The equipment hire company is completing a so-called “amend and extend” deal that stretches the loan’s maturity to 2017 and allows its owners to pay themselves dividends in the future, Matthew Hunter, Sydney-based managing director of Carlyle Group said in a telephone interview. The deal has lower upfront fees than a U.S. raising, and won’t incur currency-hedging costs, he said.
Coates agreed the revised debt package as lenders in Australia increasingly offer easier terms to compete with the $2 trillion U.S. high-yield debt market. Private equity firms have this year arranged more than $5 billion in loans against Australian companies to help pay themselves dividends, according to data compiled by Bloomberg.
“This deal was very strongly supported by the bank syndicate and I think that reflects the quality of the business,” Hunter said. “The option we went with has a much more cost-efficient structure.”
Borrowers in the so-called Term Loan B market in the U.S. are able to raise debt with virtually no financial checks attached. Even so, the 128 year-old equipment-hire firm was able to agree flexible loan agreements locally with about 31 banks at a lower cost than in the U.S., said Hunter.
The new agreement allows the company to pay its owners ordinary dividends, provided that senior debt isn’t more than three times its earnings, Hunter said.

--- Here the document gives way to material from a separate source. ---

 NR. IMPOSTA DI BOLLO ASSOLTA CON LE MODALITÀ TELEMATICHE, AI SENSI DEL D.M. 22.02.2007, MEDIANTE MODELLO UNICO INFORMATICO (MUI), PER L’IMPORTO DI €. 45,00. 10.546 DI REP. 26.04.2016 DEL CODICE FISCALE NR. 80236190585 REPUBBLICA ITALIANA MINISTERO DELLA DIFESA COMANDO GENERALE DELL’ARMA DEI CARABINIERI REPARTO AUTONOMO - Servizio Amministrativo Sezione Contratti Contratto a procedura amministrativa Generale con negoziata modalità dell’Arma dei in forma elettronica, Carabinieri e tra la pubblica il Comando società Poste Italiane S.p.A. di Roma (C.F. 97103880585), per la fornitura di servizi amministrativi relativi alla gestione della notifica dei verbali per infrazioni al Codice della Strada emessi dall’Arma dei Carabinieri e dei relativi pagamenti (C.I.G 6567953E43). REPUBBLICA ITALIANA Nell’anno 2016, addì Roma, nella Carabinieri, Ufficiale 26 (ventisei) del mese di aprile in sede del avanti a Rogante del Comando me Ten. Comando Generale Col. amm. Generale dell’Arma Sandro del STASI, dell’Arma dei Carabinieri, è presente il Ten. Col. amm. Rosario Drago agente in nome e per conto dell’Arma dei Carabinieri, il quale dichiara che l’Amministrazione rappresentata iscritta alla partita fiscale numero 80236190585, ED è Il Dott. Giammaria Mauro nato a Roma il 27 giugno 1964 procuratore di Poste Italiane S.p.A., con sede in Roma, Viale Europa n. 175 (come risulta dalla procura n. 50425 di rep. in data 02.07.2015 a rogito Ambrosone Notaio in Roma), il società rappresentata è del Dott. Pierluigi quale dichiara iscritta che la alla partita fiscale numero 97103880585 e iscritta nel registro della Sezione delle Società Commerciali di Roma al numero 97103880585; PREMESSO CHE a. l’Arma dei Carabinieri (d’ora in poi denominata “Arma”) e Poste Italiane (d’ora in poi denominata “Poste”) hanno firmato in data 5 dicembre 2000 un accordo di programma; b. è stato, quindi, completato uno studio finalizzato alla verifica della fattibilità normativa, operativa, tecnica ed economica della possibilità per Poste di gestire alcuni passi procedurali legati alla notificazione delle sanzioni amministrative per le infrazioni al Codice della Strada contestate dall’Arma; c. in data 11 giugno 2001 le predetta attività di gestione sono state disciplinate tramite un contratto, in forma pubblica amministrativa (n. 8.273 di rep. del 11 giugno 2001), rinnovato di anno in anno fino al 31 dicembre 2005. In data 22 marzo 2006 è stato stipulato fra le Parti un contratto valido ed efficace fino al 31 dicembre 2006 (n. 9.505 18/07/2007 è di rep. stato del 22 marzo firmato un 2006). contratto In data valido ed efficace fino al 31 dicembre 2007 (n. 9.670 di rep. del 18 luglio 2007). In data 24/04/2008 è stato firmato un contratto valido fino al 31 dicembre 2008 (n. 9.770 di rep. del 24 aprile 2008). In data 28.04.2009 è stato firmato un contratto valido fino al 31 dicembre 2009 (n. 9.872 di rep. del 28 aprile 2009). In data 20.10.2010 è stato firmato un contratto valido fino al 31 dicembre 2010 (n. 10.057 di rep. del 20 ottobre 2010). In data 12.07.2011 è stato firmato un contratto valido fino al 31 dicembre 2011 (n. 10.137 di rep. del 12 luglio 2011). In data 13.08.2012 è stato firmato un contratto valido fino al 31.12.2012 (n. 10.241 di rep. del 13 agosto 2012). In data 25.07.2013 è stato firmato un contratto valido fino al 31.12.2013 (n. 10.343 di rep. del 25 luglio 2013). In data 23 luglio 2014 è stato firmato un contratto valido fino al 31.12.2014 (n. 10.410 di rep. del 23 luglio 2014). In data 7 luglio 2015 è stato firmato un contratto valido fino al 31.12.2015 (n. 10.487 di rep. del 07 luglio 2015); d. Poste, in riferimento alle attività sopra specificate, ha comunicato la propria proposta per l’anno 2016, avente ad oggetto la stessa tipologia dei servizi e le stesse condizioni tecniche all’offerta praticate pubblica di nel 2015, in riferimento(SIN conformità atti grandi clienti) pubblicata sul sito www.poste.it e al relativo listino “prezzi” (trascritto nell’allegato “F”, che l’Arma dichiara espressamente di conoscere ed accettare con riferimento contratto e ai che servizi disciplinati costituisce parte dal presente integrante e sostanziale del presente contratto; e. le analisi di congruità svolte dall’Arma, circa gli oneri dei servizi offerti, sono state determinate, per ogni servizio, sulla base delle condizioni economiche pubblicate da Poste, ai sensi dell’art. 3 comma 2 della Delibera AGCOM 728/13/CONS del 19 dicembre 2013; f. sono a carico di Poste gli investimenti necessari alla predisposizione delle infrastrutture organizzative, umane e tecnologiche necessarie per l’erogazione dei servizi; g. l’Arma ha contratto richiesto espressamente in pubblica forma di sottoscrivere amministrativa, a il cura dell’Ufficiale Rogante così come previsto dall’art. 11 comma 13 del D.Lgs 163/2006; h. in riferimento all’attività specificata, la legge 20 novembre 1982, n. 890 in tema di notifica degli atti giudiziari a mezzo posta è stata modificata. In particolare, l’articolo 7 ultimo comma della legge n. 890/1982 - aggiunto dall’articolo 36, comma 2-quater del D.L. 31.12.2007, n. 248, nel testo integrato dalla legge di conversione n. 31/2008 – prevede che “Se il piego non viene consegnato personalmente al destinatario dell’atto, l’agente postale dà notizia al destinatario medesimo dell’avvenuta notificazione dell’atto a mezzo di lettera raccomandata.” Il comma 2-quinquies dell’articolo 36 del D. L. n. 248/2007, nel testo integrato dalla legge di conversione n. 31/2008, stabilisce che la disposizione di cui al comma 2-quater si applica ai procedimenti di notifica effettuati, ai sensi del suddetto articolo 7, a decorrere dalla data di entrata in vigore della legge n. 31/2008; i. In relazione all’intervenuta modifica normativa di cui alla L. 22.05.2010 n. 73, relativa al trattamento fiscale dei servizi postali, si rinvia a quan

Interest payments are priced according to debt levels and the loan margins remain at about 325 basis points more than benchmark rates, he said.
Carlyle and Seven, which each own about 45 percent of the company, completed a strategic review of Coates this year and decided to retain their ownership, according to Seven Group’s annual report. The company had revenue of A$1.2 billion and earnings before interest, tax, depreciation and amortization of A$533.7 million for the year to June 30.